Word for word, repeat the lines of the records from the first line up to and including the line that contains "Like new travel", passing over any pictures.

(Beginning of Input)

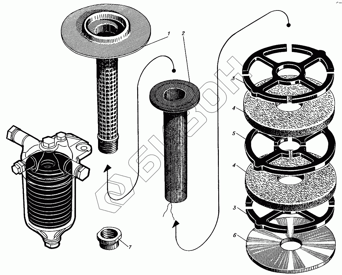 Графический каталог запасных частей к технике: Барнаултрансмаш Дизели Д12С1. Фильтрующий элемент
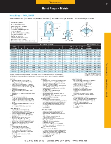 – Pivots and swivels to compensate for – Gleichmäßiges anheben von schweren oder – Eles se articulam e giram para compensar Die Assembly | Hoist Rings – Metric
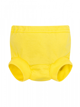 Детские повседневные трусы из нежного хлопкового трикотажа желтого (лимонного) цвета. В пояс вставлена резиночка, которую можно отрегулировать через отверстие сбоку. В ножках мягкие манжеты.
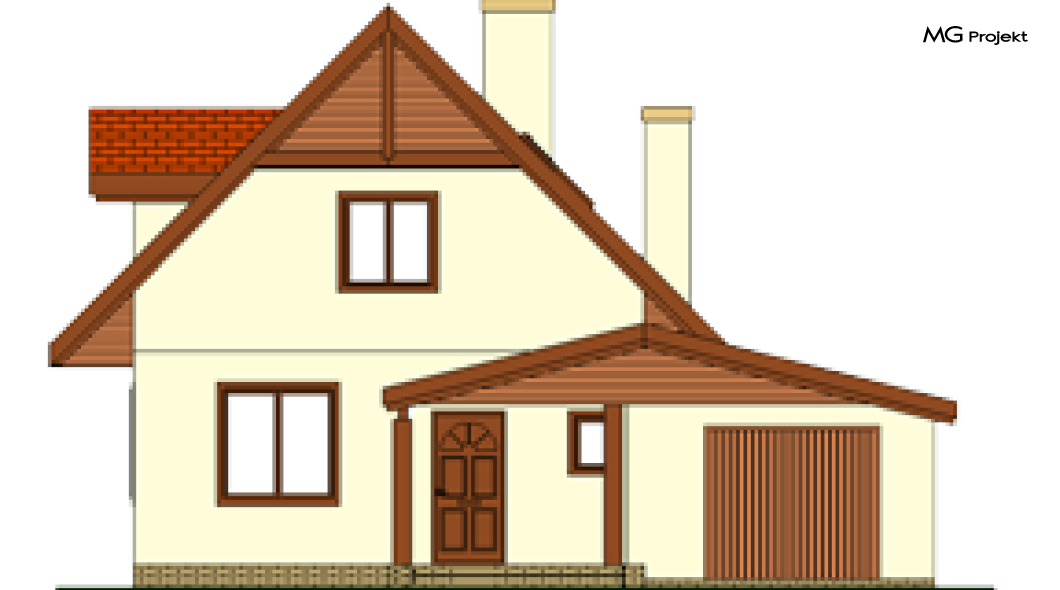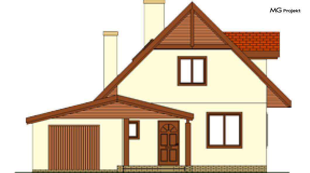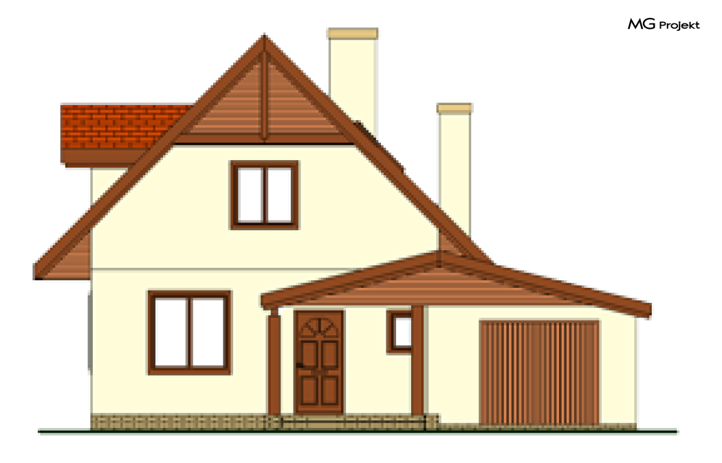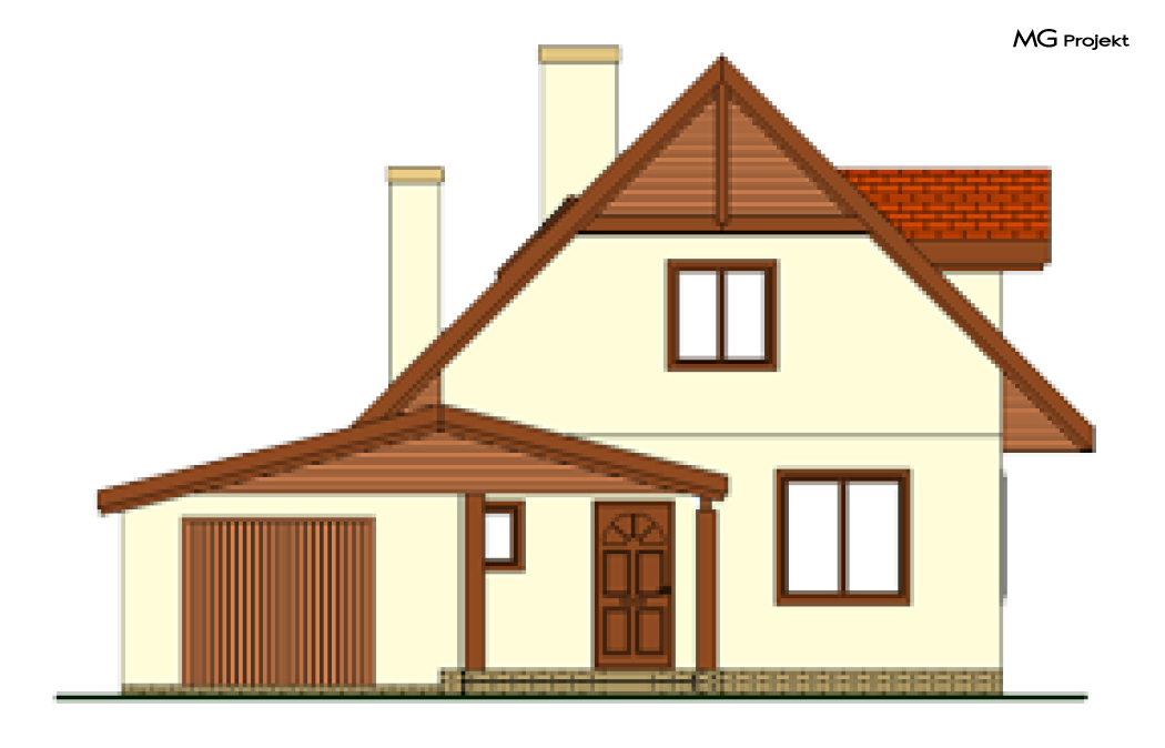 Wariant z garażem i pomieszczeniem gospodarczym, oraz z lukarnami w dachu .
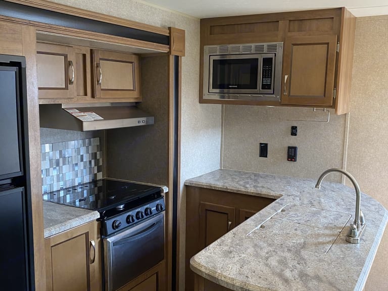 Like new travel trailer with room for everyone. Has privacy with 2 bedrooms. Outdoor kitchen and plenty of room in the kitchen inside.Other things to noteWe do not provide a generator.
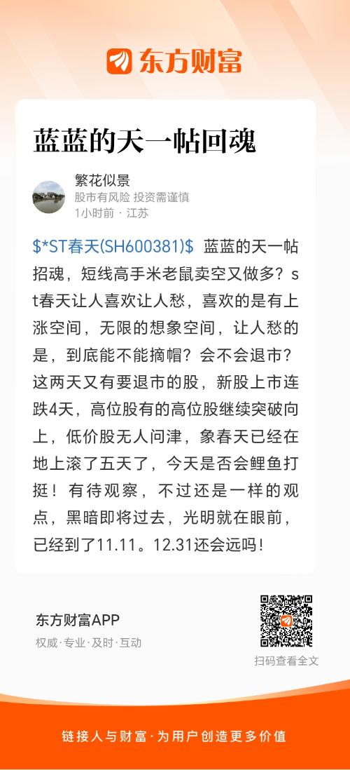 $*ST春天(SH600381)$ 蓝蓝的天一帖招魂,短线高手米老鼠卖空又做多?st春天让人喜欢让人愁,喜欢的是有上涨空间,无限的想象空间,让人愁的是,到底能不能摘帽?会不会退市?这两天又有要退市的股,新股上市连跌4天,高位股有的高位股继续突破向上,低价股无人问津,象春天已经在地上滚了五天了,今天是否会鲤鱼打挺!有待观察,不过还是一样的观点,黑暗即将过去,光明就在眼前,已经到了11.11。12.31还会远吗!
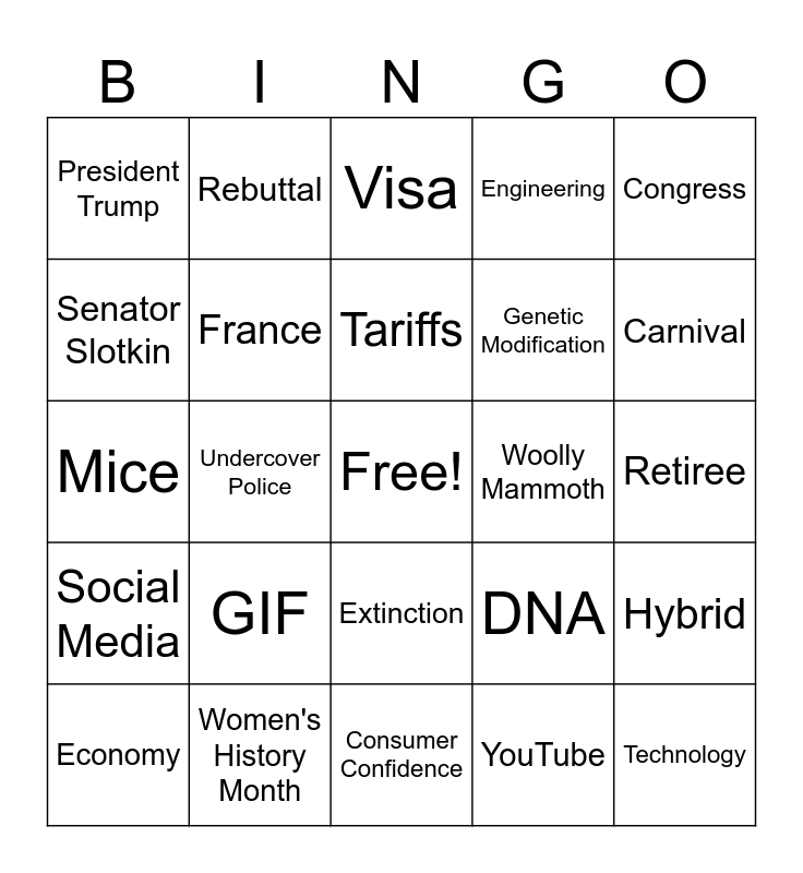 This bingo card has a free space and 24 words: GIF, Women's History Month, Tariffs, Economy, Congress, President Trump, Senator Slotkin, Rebuttal, Woolly Mammoth, Extinction, Genetic Modification, Mice, DNA, Hybrid, France, YouTube, Retiree, Visa, Carnival, Undercover Police, Technology, Social Media, Engineering and Consumer Confidence.
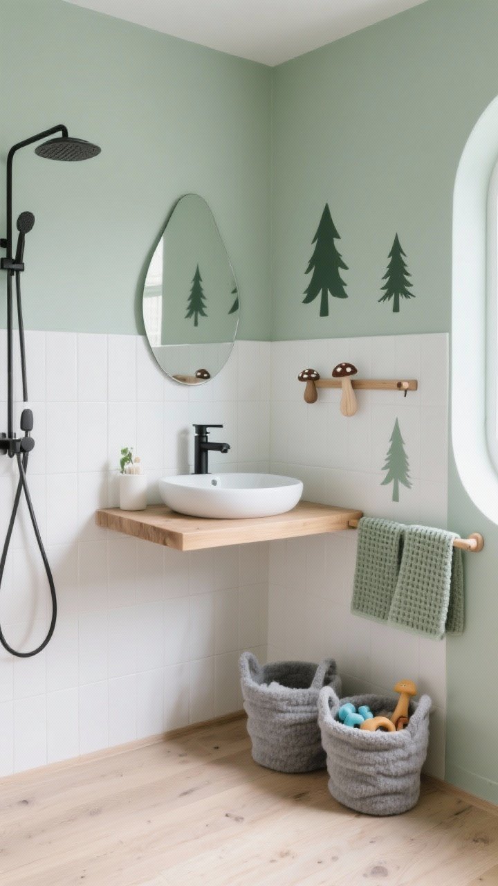 Côté mobilier, un meuble vasque en bois clair avec poignées rondes vert eucalyptus. Ajoutez un tabouret-banc pliant pour atteindre le lavabo et des serviettes rayées vert forêt. Un miroir rond avec cadre en bambou finalise l’ambiance.
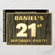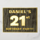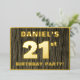 The front of this bold twenty-first birthday party/celebration foil invitation card features a custom name, a large number “21st”, the message “BIRTHDAY PARTY!”, and a border, all in foil. The background of the front features a rustic, yet elegant, faux wood grain appearance inspired pattern. The back features personalised details about the event, such as the date, time, venue, and any other information that may be useful. Customisable invitations like these might be used to invite guests/attendees to a birthday party being held in celebration of somebody’s 21st birthday. [~Z0000598]
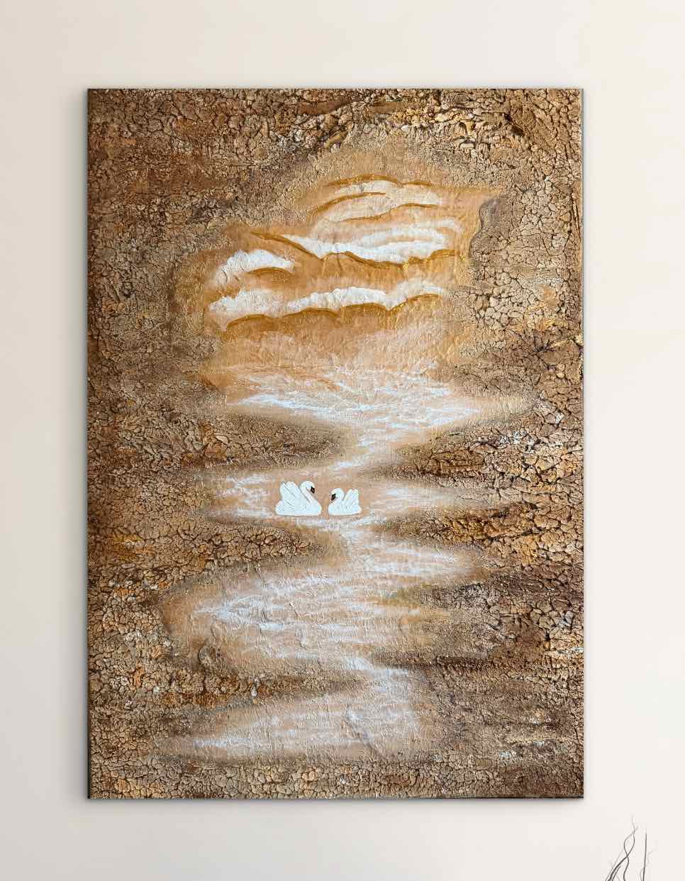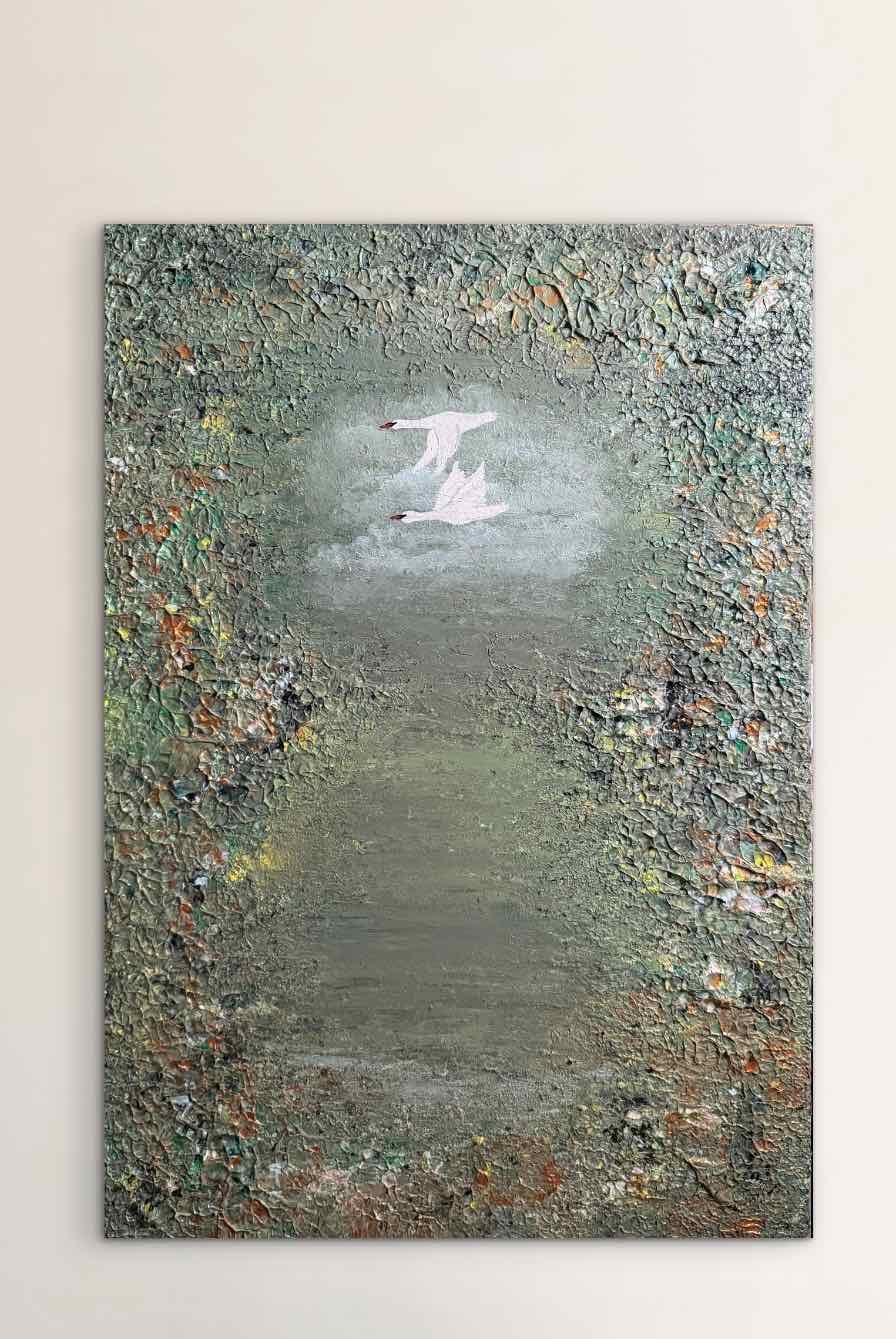Jag hämtar inspiration från den otämjda naturliga världen — vittrad jord, sprucken sten och dramatiska ljusskiftningar. De kraftigt texturerade kanterna ramar ofta in en mjukare, mer reflekterande central yta. När det förekommer fungerar svanens återkommande motiv som ett ankare av frid och orubblig kärlek inom det emotionella landskapet.
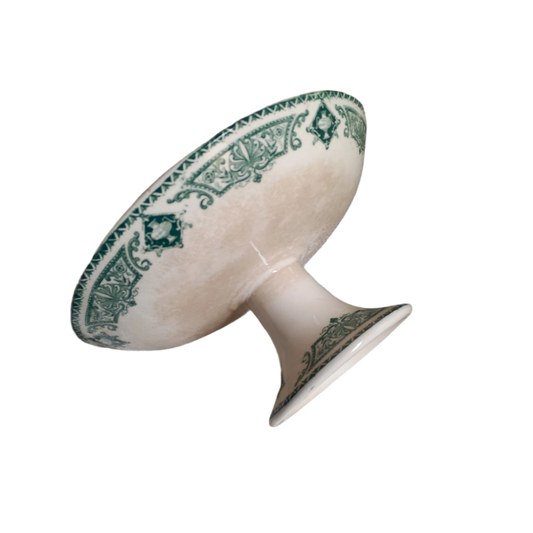 Compotier ou plat à gâteau sur pied en pierre de fer antique français avec motif floral bleu sarcelle, plat à fruits décoratif, plat à gâteaux

(End of Input)

(Task answer)
 Графический каталог запасных частей к технике: Барнаултрансмаш Дизели Д12С1. Фильтрующий элемент
 – Pivots and swivels to compensate for – Gleichmäßiges anheben von schweren oder – Eles se articulam e giram para compensar Die Assembly | Hoist Rings – Metric
 Детские повседневные трусы из нежного хлопкового трикотажа желтого (лимонного) цвета. В пояс вставлена резиночка, которую можно отрегулировать через отверстие сбоку. В ножках мягкие манжеты.
 Wariant z garażem i pomieszczeniem gospodarczym, oraz z lukarnami w dachu .
 Like new travel trailer with room for everyone. Has privacy with 2 bedrooms. Outdoor kitchen and plenty of room in the kitchen inside.Other things to noteWe do not provide a generator.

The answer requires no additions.